RAW DATA
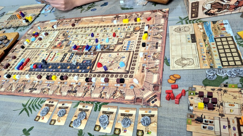 そして蟲神器大会中は持ち込みのエズラとネヘミヤ(https://bodoge.hoobby.net/games/ezra-and-nehemiah)を一緒に遊ばせてもらってました。ラウンド数は少ないのにできることが多くどのルートにするか悩みましたが三種のツボをメインに組み立てました。慣れていなかったので長老と商人のフリーアクションをちょこちょこ忘れてしまっていたのがもったいないなとなりました。
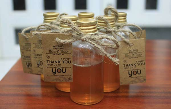 Thứ hai là chọn quà đáp lễ ý nghĩa. Thực tế hiện nay có rất nhiều gợi ý về quà tặng cho khách mời tham dự đám cưới. Tuy nhiên để tạo dấu ấn riêng độc đáo hơn, bạn nên chuẩn bị những món quà nhỏ xinh, ý nghĩa và thiết thực. Thay vì những quyển sổ, kẹo quen thuộc, bạn có thể chọn những hũ mật ong, trà hoa khô hay hộp socola vô cùng mới lạ và hữu ích.
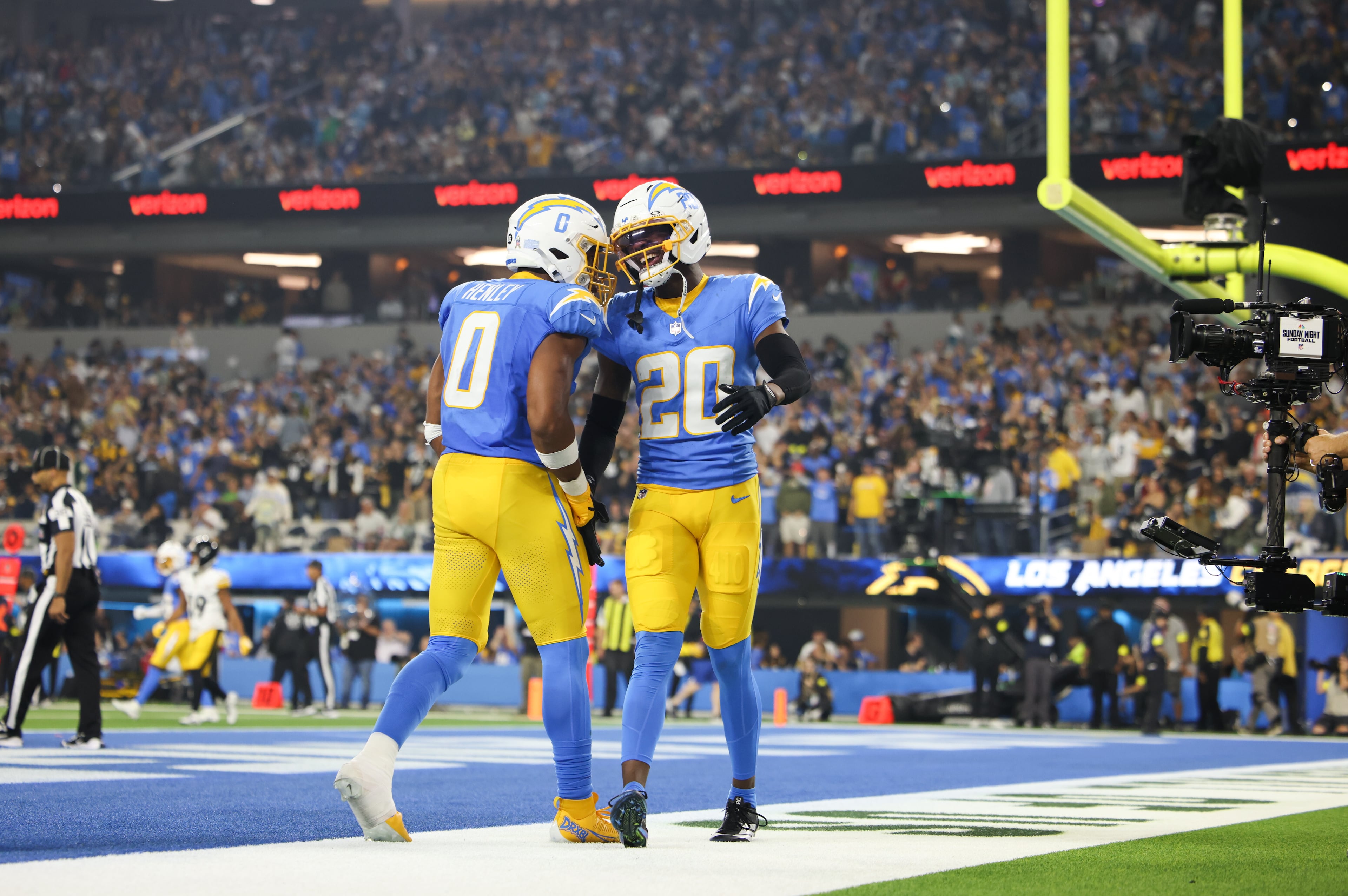In the fourth quarter, with the Steelers at the Chargers 10-yard line and threatening to score, Rodgers threw three straight incompletions – including an off-target, fourth-down throw to a blanketed Metcalf in the corner of the end zone – to end the drive empty-handed.

YOUR ASSIGNMENT
Would you copy all the material exactly, dropping the pictures?

OUTPUT BELOW
 そして蟲神器大会中は持ち込みのエズラとネヘミヤ(https://bodoge.hoobby.net/games/ezra-and-nehemiah)を一緒に遊ばせてもらってました。ラウンド数は少ないのにできることが多くどのルートにするか悩みましたが三種のツボをメインに組み立てました。慣れていなかったので長老と商人のフリーアクションをちょこちょこ忘れてしまっていたのがもったいないなとなりました。
 Thứ hai là chọn quà đáp lễ ý nghĩa. Thực tế hiện nay có rất nhiều gợi ý về quà tặng cho khách mời tham dự đám cưới. Tuy nhiên để tạo dấu ấn riêng độc đáo hơn, bạn nên chuẩn bị những món quà nhỏ xinh, ý nghĩa và thiết thực. Thay vì những quyển sổ, kẹo quen thuộc, bạn có thể chọn những hũ mật ong, trà hoa khô hay hộp socola vô cùng mới lạ và hữu ích.
In the fourth quarter, with the Steelers at the Chargers 10-yard line and threatening to score, Rodgers threw three straight incompletions – including an off-target, fourth-down throw to a blanketed Metcalf in the corner of the end zone – to end the drive empty-handed.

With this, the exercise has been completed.